E’ come se ci fosse un Italia divisa in due.
Da una parte i cittadini che vivono le aree interne, le aree territoriali acclivi, quei territori che ogni giorno sono soggetti a degrado infrastrutturale, all’abbandono antropico, in cui la consapevolezza della fragilità dei territori è alta e dall’altra parte i cittadini che abitano le città e le aree conurbate di pianura. in cui lo sviluppo antropico, urbanistico ed edilizio è avvenuto in alcuni casi in maniera non organica, che drammaticamente si accorgono della fragilità di questi ambiti, solo ad emergenza avvenuta. Ed è proprio in questi ambiti, che molti Italiani risiedono ed hanno un concetto ideologico estremo della salvaguardia dell’ambiente selvaggio, della fauna e della flora, immaginando sistemi ambientali non attualizzati, inconsapevoli di quanto sia difficile vivere, lavorare e mantenere le aree interne. E questo sta diventando un problema. Crediamo che oramai la gestione dei cambiamenti climatici possa avvenire solo attraverso l’adattamento a questi, inutile prendersi in giro immaginando di poter invertire la rotta in breve tempo. E’necessario invece aumentare la consapevolezza e cambiare il paradigma dello sviluppo antropico e infrastrutturale del nostro paese.

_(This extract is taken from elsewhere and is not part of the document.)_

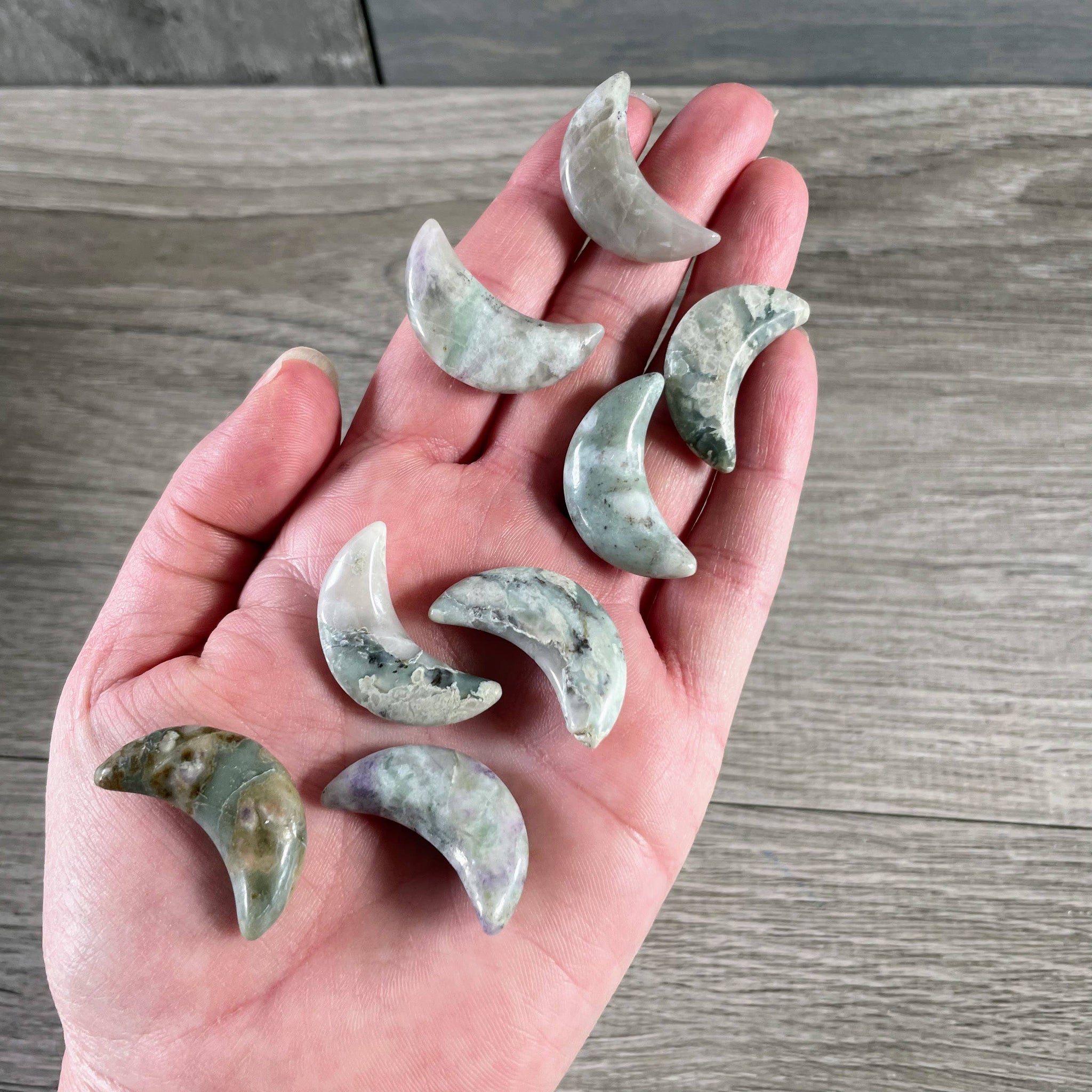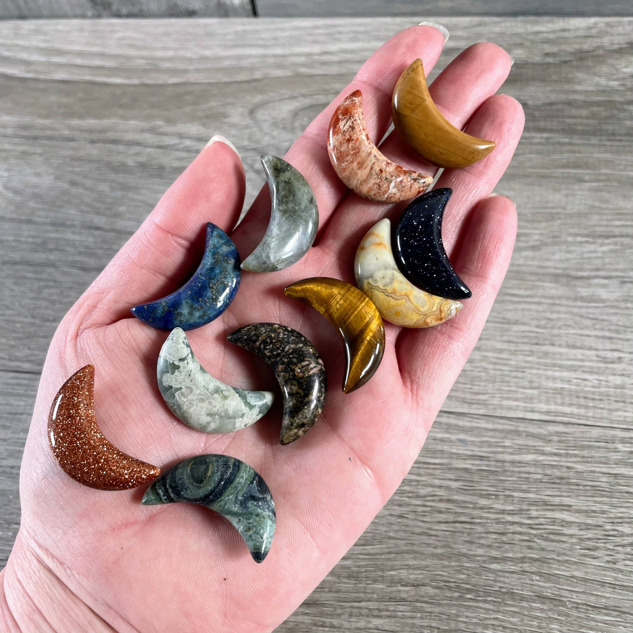 Gemstone Moons Assorted – 1 Inch Crescent Moon Carvings Assorted

Finche questo Parlamento e questo Governo non capiranno che è necessario come priorità assoluta, investire in maniera pesante sulle aree interne, sui territori di montagna al fine di evitarne la desertificazione dei nostri centri minori, l’abbandono delle nostre aree agricole, dei nostri boschi, dei nostri rivi, non saremo in grado di sostenere a lungo le tragedie, le inondazioni, i dissesti idrogeologici che stiamo vedendo oramai con grande regolarità.
Perchè ci siamo soffermati su questi aspetti?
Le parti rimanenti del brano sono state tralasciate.